/cdn.vox-cdn.com/uploads/chorus_image/image/56196069/6250411481_f764a27bff_o.0.jpg)
Massachusetts’ only Confederate memorial—a modest marker on Boston Harbor’s Georges Island that commemorates rebels imprisoned there during the Civil War—remains covered as the state mulls its fate.
Recall that the controversy surrounding the removal of Confederate statuary in New Orleans this past June thrust the Massachusetts memorial into the spotlight. Gov. Charlie Baker quickly called for its relocation.
The state, a Baker spokeswoman told WGBH at the time, “should refrain from the display of symbols, especially in our public parks, that do not support liberty and equality for the people of Massachusetts.”
For now, the marker is covered and essentially ready to go. To where, though, is the question.

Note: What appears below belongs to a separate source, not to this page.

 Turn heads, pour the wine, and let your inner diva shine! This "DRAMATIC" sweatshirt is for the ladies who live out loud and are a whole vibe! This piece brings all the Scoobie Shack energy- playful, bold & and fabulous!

The state Department of Conservation and Recreation, which owns Georges Island, is working with the Massachusetts Historical Society on relocation options since the marker, however controversial, does sit in a National Historic Landmark.
The stone, which calls the Civil War “the War Between the States,” went up only in 1963—nearly a century after the Confederacy’s surrender and only through the efforts of the United Daughters of the Confederacy, a group long ambivalent about slavery, the war’s cause.

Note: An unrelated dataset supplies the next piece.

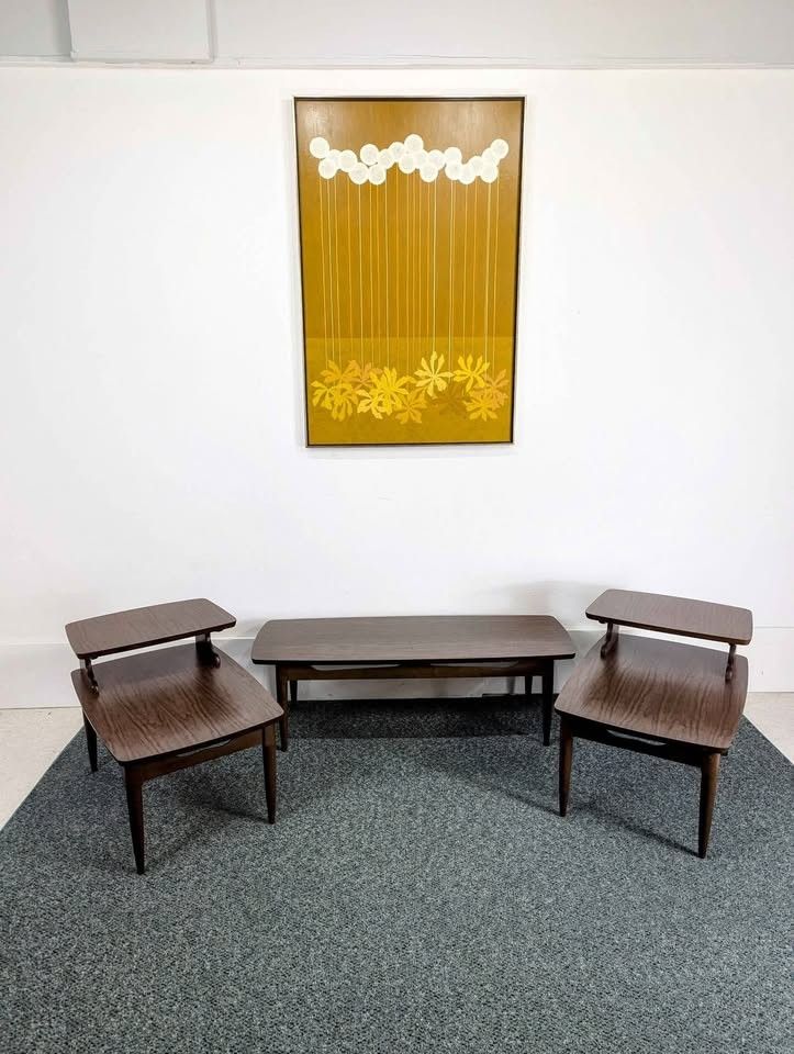 Great set of MCM living room tables. They feature solid walnut framing with stress free laminate tops so you can ditch the coasters!

Massachusetts, of course, was a hotbed of abolition before and during the Civil War, and dispatched dozens of regiments to fight the Confederacy.
Stay tuned.
- Massachusetts’ only Confederate memorial will likely be removed [Curbed Boston]
- Boston abolitionist sites: Mapping the region's role in the anti-slavery movement [Curbed Boston]
- Mapping the Civil War in the Hub 150 Years After Its End [Curbed Boston]
Loading comments...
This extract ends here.